Task input =
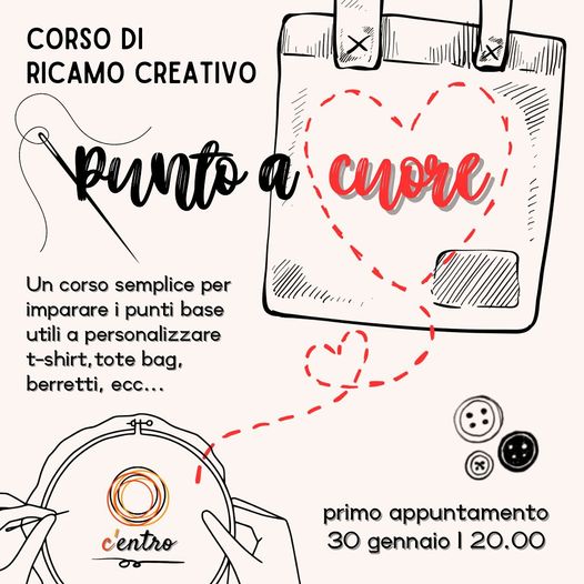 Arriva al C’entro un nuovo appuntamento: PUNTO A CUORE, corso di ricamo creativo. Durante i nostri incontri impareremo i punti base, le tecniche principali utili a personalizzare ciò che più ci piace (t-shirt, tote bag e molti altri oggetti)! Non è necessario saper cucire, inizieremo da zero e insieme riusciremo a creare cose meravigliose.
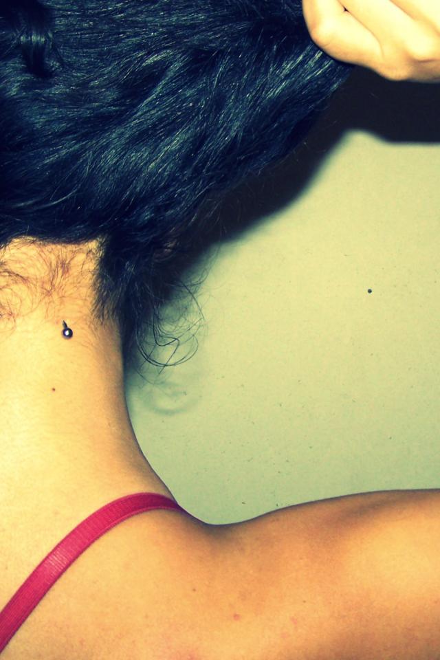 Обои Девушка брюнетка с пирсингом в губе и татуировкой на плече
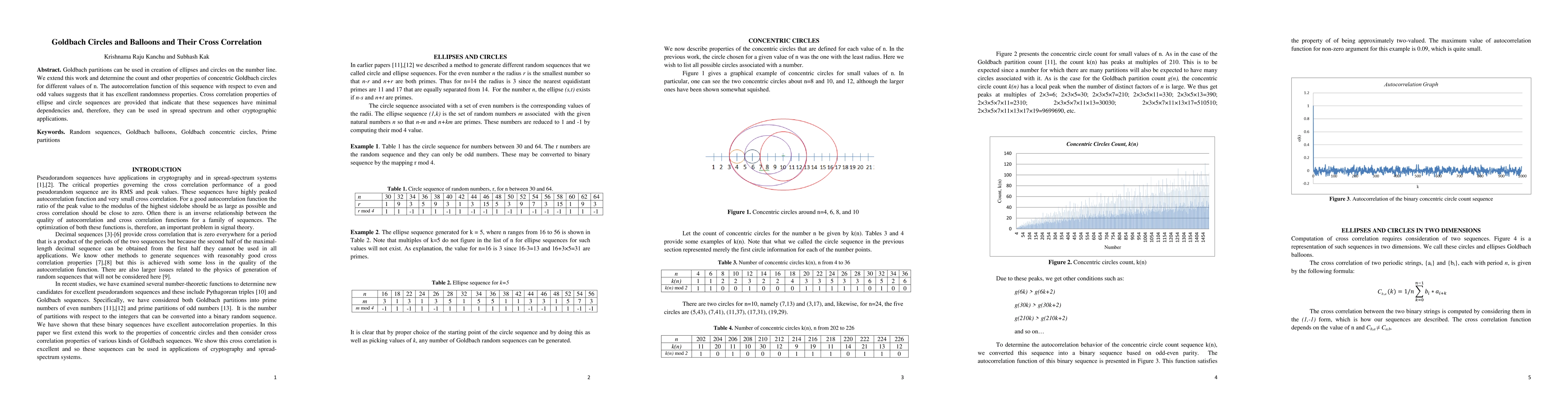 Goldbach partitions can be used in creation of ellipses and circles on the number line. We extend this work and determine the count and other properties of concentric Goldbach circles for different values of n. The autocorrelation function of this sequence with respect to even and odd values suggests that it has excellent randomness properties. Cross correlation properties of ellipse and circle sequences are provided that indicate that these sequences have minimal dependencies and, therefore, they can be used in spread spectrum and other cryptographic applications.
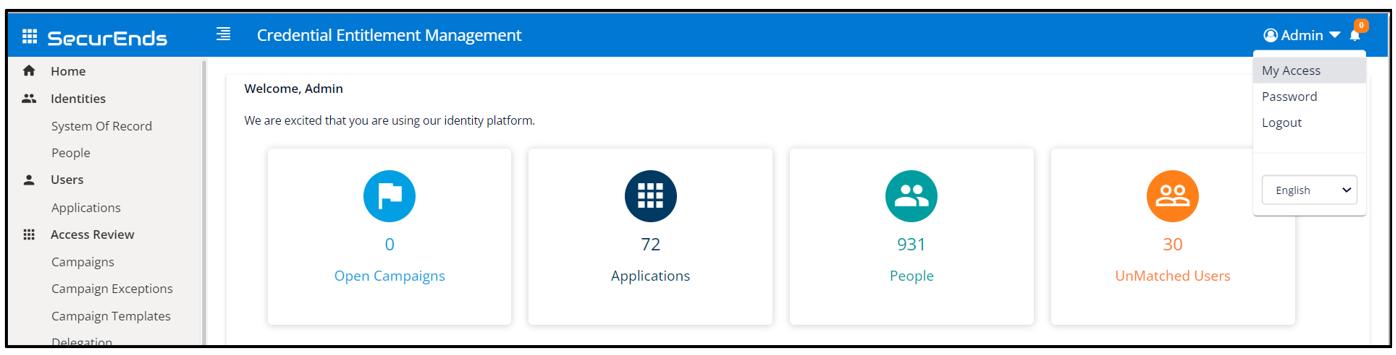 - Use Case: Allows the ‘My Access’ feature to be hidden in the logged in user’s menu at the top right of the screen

---

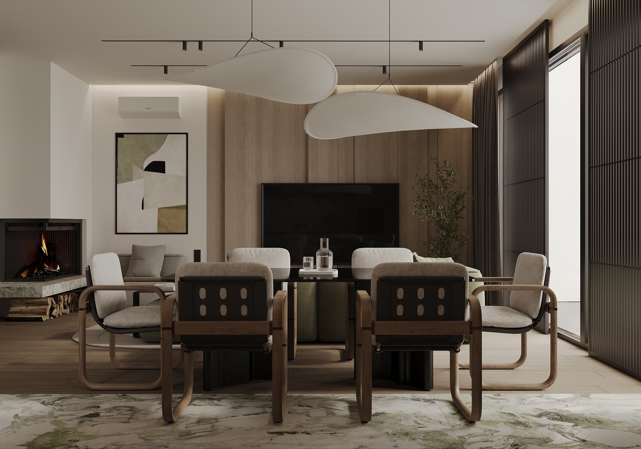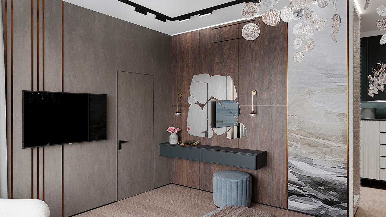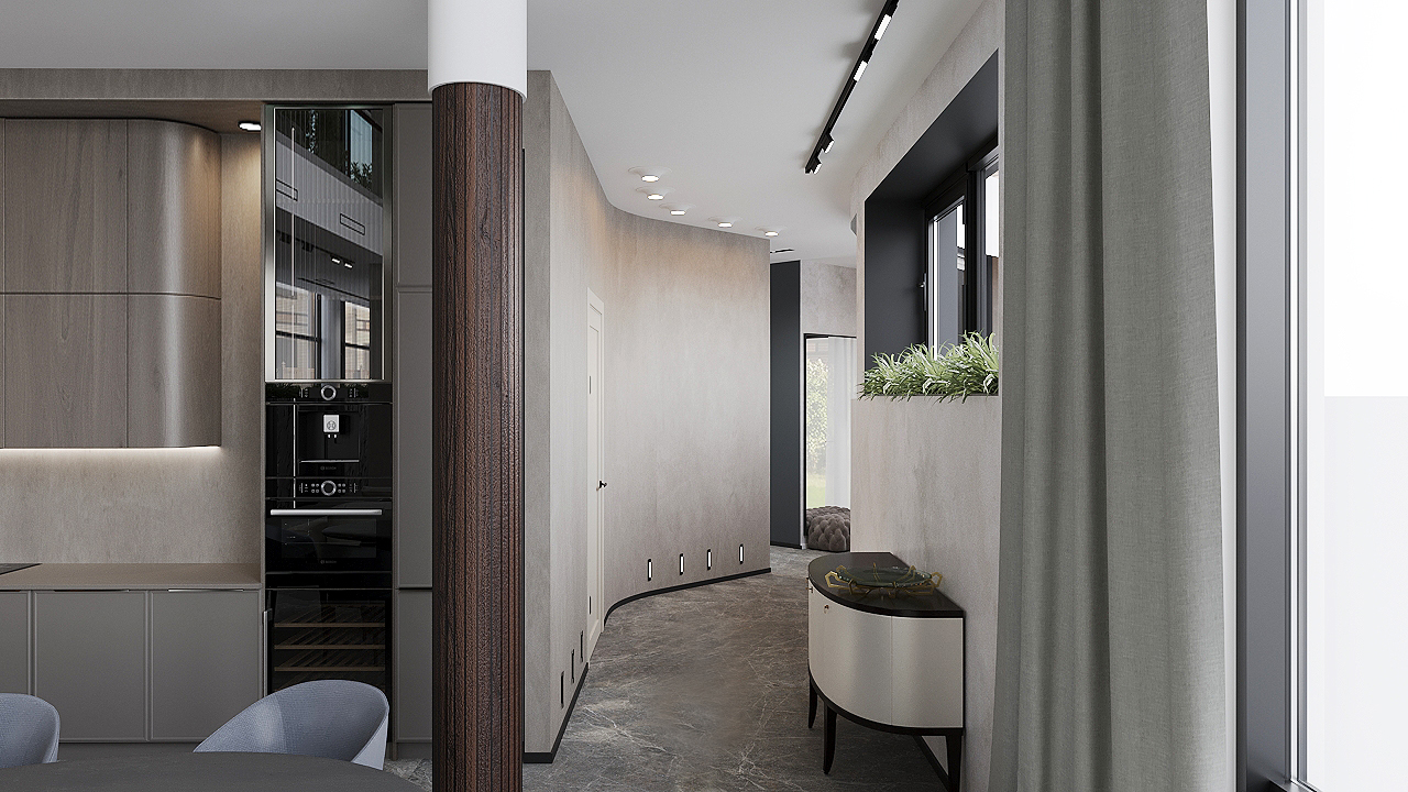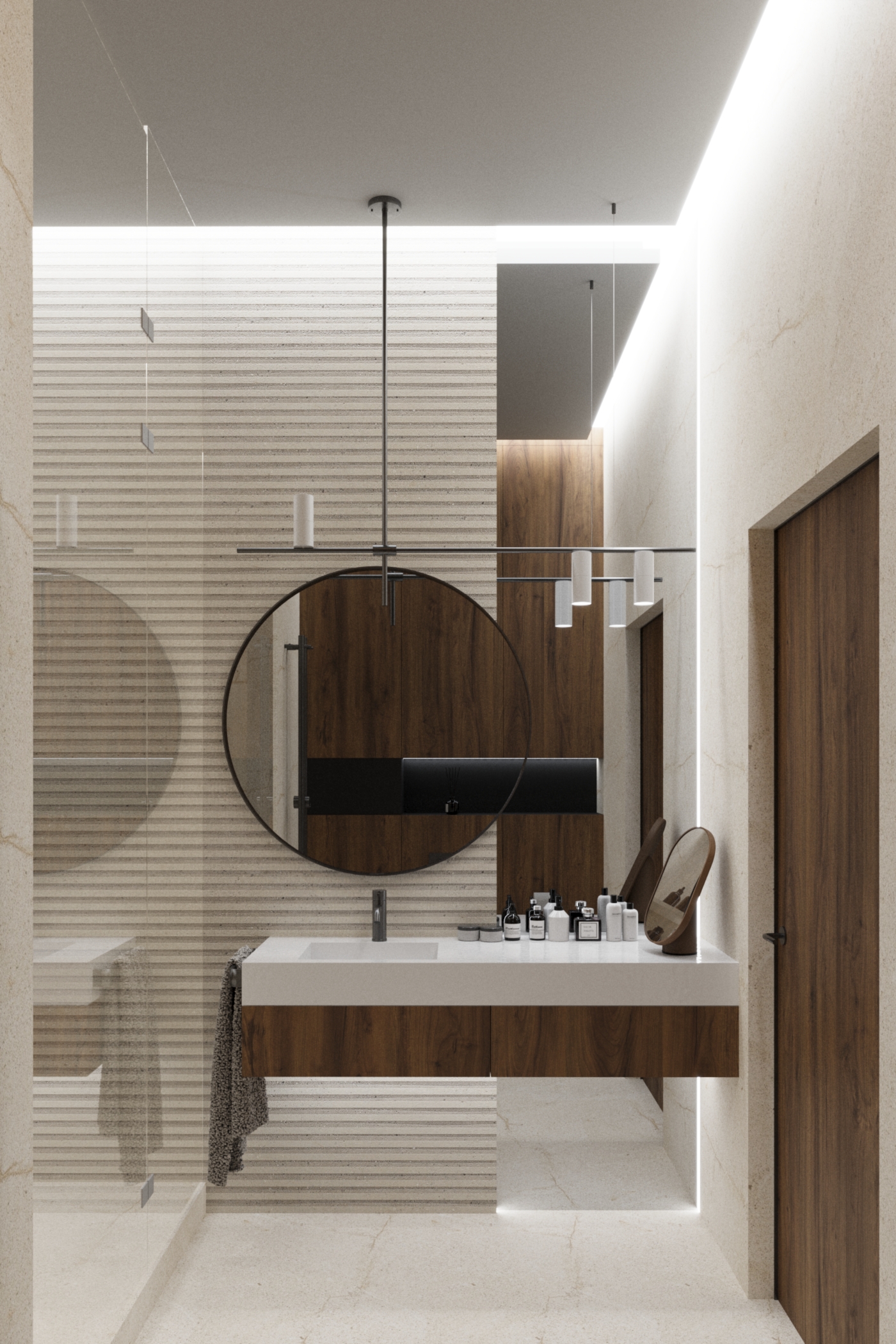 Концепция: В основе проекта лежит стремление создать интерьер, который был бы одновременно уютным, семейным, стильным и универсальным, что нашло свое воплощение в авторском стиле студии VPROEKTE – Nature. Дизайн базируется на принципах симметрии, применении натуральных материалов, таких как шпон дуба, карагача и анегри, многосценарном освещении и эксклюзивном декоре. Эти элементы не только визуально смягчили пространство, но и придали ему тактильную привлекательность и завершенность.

Requirement =
What belongs in the answer is each line above from the line with "Arriva al C’entro" to the line with "- Use Case: Allows", inclusive, reproduced exactly and free of pictures.

Output for this task =
 Arriva al C’entro un nuovo appuntamento: PUNTO A CUORE, corso di ricamo creativo. Durante i nostri incontri impareremo i punti base, le tecniche principali utili a personalizzare ciò che più ci piace (t-shirt, tote bag e molti altri oggetti)! Non è necessario saper cucire, inizieremo da zero e insieme riusciremo a creare cose meravigliose.
 Обои Девушка брюнетка с пирсингом в губе и татуировкой на плече
 Goldbach partitions can be used in creation of ellipses and circles on the number line. We extend this work and determine the count and other properties of concentric Goldbach circles for different values of n. The autocorrelation function of this sequence with respect to even and odd values suggests that it has excellent randomness properties. Cross correlation properties of ellipse and circle sequences are provided that indicate that these sequences have minimal dependencies and, therefore, they can be used in spread spectrum and other cryptographic applications.
 - Use Case: Allows the ‘My Access’ feature to be hidden in the logged in user’s menu at the top right of the screen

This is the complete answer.